* _REQUIRED WORK_
Verbatim output, no pictures: the lines from the beginning of the material through the line with "Общая площадь 45.70кв.м.;", both ends kept.

* _DATA IN THIS EXERCISE_
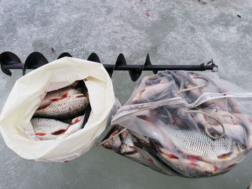 Думал больше не поеду, однако не удержался от предложения друга закрыть сезон. Хотя лёд ещё хорош, но хватит. Деревня на год сушёной рыбкой обеспечена.. Вчера опять хорошо, 23кг взял. На том спасибо озеру и водяному. Всем удачи и не хворать
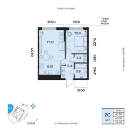 Общая площадь 45.70кв.м.;
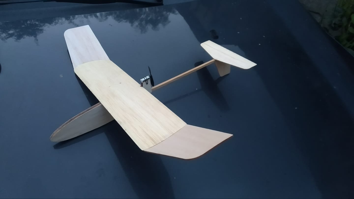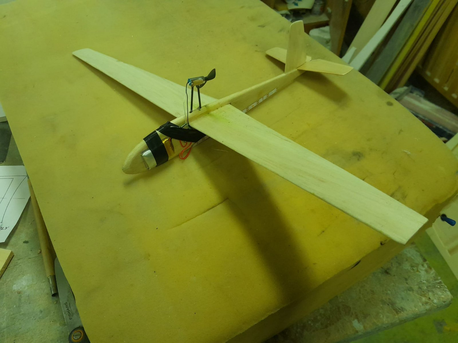Je to z této hračky: Jan Doubrava - je to takova variace na blanika s pomocnym motorem, rozpeti 500mm hmotnost 21g. V planu je to udelat cca 650mm. Ten pohon je dobry divocak
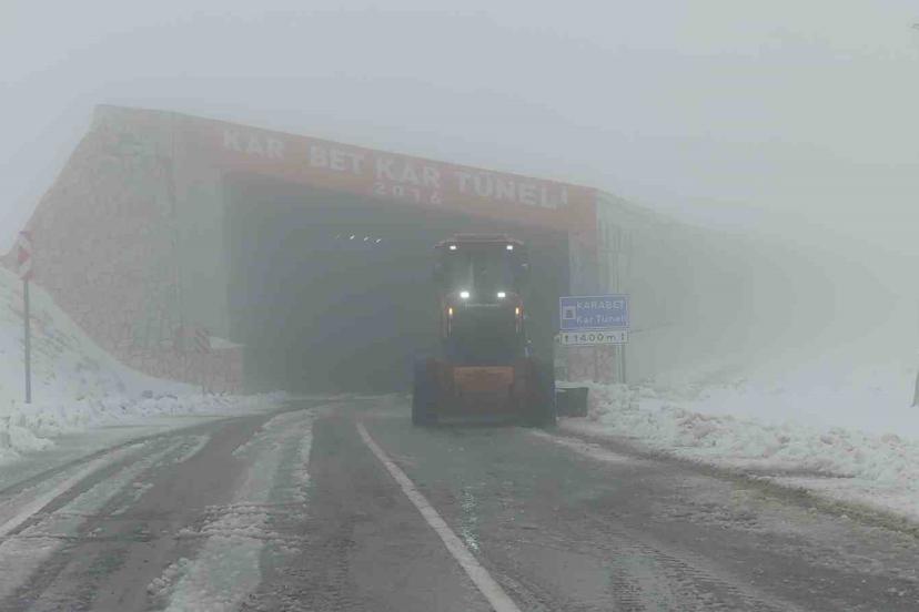 Türkiye’nin en yüksek geçitlerinden biri olan ve zorlu kış şartlarıyla bilinen 3 bin rakımlı Karabet Geçidi’nde, Karayolları ...
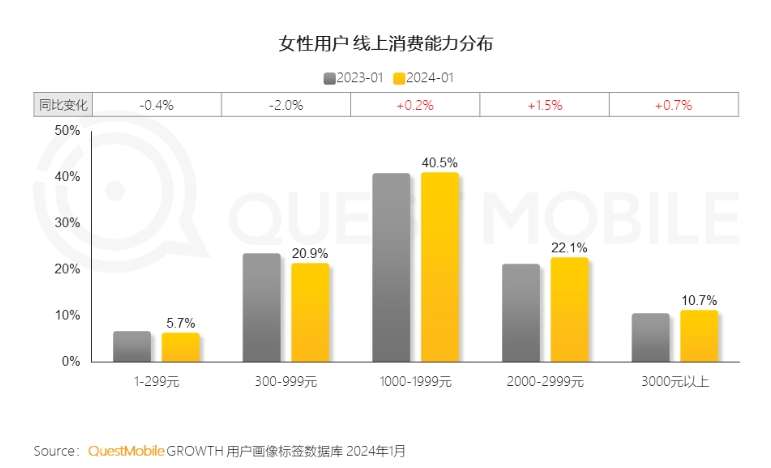 女性用户的钱好赚,是一个公认的事实。根据QuestMobile2024“她经济”洞察报告数据,截止到2024年1月,线上消费能力在2000元以上的女性用户占比达32.8%,同比增长了2.2%,女性群体的消费能力持续提高。

* _RESPONSE TO THE TASK_
 Думал больше не поеду, однако не удержался от предложения друга закрыть сезон. Хотя лёд ещё хорош, но хватит. Деревня на год сушёной рыбкой обеспечена.. Вчера опять хорошо, 23кг взял. На том спасибо озеру и водяному. Всем удачи и не хворать
 Общая площадь 45.70кв.м.;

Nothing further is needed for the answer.